Como jugadores clave en la alimentación de las personas, las empresas del sector pueden trabajar en opciones bajas en grasas, sodio y azúcar que, sin perder sabor, contribuyan a llevar una alimentación más sana. Asimismo, a través de la fortificación de los alimentos con vitaminas, fibras y proteínas, la industria puede asumir un rol activo para combatir la malnutrición. También, a partir de ofrecerle al consumidor aquello que demanda: opciones más naturales, sin colorantes y sabores artificiales, alimentos frescos y orgánicos.

  1. Combatir el cambio climático

El objetivo 13 es un llamado a adoptar medidas urgentes que permitan reducir los gases del efecto invernadero y evitar la deforestación. El cambio climático es el resultado de la actividad humana y pone en peligro vidas presentes y futuras; afecta a todos por igual, sin distinción de fronteras. Las consecuencias más visibles son los fenómenos meteorológicos extremos, que han azotado distintas partes del mundo en los últimos tiempos, y el impacto en los cultivos de cereales como el trigo y el maíz, fuente de trabajo y alimento para millones de personas en el mundo. En 2016, el Acuerdo Climático de París reiteró la necesidad de mantener el aumento del calentamiento global por debajo de los 2 grados, en comparación con los niveles preindustriales. Para alcanzar esa meta, es necesario que las empresas se comprometan a reducir sus emisiones de gases de efecto invernadero, fomenten la deforestación cero e incorporen energías renovables. La participación de cada integrante en la cadena de valor generará un círculo virtuoso que permitirá lograr el objetivo entre todos.

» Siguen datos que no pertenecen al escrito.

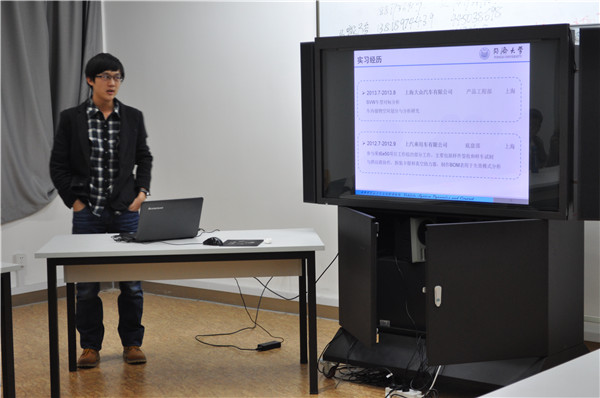 此次实习就业经验交流会邀请了高丽华、胡竞、邓永强和王禹等四位优秀的2011级硕士。这四位学长学姐分别来自于动力方向和整车方向的不同课题组。他们以自身经历给大家带来了丰富的关于实习和就业的经验。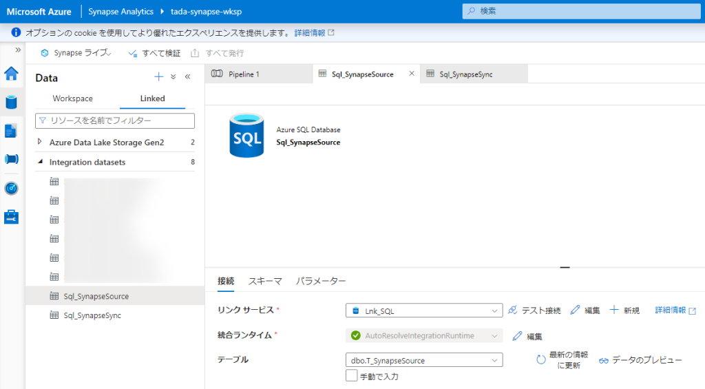 データセットの作成:ソーステーブル、シンクテーブルのデータセットを作成します。ここでSQLやOracleなど様々なリンクサービスへの接続が可能になります。

  1. Cuidar los recursos naturales

El crecimiento poblacional trae como consecuencia una mayor presión sobre los recursos naturales. Así, el objetivo 12 propone garantizar modalidades de consumo y producción sostenible, que no pongan en peligro las fuentes naturales. Para evitar causar daños irreversibles en el medioambiente, es preciso modificar la manera en que consumimos y producimos. El agua, la tierra y los bosques son recursos vitales que son explotados, en la actualidad, de manera indiscriminada, sin pensar en las consecuncias a futuro. Reducir el consumo de agua y de electricidad, evaluar el impacto de los residuos generados por la actividad que se desarrolla, evitar la contaminación del agua y hacer un abastecimiento responsable de materias primas naturales son algunas de las medidas que la industria puede adoptar. Esto requiere, en muchos casos, realizar un trabajo cercano con cada uno de los productores, comunidades locales y demás involucrados en la cadena de suministro para, entre todos, contribuir a un mundo mejor.

A su vez, en el mercado de alimentos y bebidas, hoy los consumidores están ávidos de productos naturales. Esto ejerce una presión adicional sobre los recursos del planeta. Investigar y desarrollar fuentes alternativas de materias primas naturales es una manera de ayudar a proteger los recursos más frágiles, al tiempo que se le brinda a los consumidores soluciones a la medida de sus deseos.